* [INPUT]
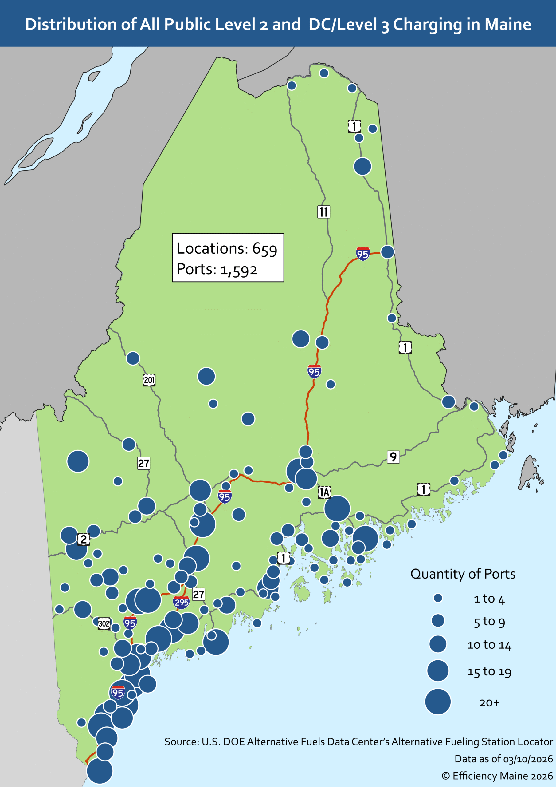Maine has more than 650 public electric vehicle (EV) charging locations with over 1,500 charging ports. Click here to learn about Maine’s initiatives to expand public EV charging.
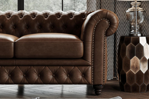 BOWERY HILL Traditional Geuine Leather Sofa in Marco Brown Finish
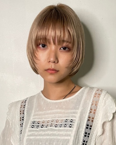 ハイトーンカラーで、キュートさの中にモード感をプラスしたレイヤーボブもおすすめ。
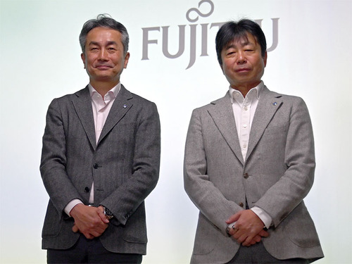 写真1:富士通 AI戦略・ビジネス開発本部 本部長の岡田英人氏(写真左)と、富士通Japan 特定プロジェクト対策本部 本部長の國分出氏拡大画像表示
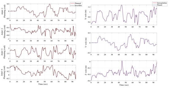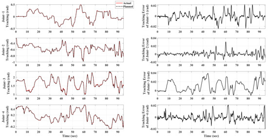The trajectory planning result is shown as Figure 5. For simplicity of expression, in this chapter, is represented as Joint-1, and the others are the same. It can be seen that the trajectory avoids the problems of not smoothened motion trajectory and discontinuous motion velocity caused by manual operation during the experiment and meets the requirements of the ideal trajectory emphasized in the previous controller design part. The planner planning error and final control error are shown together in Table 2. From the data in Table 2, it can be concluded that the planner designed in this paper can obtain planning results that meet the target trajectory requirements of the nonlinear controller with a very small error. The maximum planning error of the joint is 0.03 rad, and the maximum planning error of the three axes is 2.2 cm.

==

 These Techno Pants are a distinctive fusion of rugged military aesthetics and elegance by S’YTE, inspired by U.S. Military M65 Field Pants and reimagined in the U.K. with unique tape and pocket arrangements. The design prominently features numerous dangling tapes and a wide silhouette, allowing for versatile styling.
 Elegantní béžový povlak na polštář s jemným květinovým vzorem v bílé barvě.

...

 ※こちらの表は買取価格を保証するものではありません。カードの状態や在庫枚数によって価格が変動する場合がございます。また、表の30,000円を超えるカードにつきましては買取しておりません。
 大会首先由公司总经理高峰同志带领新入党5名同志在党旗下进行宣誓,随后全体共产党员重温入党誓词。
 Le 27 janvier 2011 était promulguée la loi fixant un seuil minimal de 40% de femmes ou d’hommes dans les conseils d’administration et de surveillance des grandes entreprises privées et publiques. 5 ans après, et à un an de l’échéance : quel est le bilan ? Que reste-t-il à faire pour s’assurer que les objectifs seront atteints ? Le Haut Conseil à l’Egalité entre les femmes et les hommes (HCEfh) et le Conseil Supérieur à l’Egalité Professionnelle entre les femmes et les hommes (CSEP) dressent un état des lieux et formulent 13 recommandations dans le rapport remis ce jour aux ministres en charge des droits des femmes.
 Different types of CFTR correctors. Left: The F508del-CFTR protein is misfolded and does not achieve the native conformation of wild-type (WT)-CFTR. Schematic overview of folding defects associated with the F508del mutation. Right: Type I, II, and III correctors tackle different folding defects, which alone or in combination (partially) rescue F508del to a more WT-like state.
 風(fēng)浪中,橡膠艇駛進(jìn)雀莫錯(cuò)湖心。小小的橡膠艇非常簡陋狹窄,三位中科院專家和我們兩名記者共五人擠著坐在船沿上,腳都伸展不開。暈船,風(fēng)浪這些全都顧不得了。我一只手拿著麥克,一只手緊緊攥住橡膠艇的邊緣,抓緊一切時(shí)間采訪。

* [REQUIRED WORK] When you reach the line with "写真1:富士通 AI戦略・ビジネス開発本部 本部長の岡田英人氏(写真左)と、富士通Japan" in the records above, start writing out each line exactly, and stop after the line with "The trajectory planning". Pictures stay out.

* [RESPONSE TO THIS TASK]
 写真1:富士通 AI戦略・ビジネス開発本部 本部長の岡田英人氏(写真左)と、富士通Japan 特定プロジェクト対策本部 本部長の國分出氏拡大画像表示
The trajectory planning result is shown as Figure 5. For simplicity of expression, in this chapter, is represented as Joint-1, and the others are the same. It can be seen that the trajectory avoids the problems of not smoothened motion trajectory and discontinuous motion velocity caused by manual operation during the experiment and meets the requirements of the ideal trajectory emphasized in the previous controller design part. The planner planning error and final control error are shown together in Table 2. From the data in Table 2, it can be concluded that the planner designed in this paper can obtain planning results that meet the target trajectory requirements of the nonlinear controller with a very small error. The maximum planning error of the joint is 0.03 rad, and the maximum planning error of the three axes is 2.2 cm.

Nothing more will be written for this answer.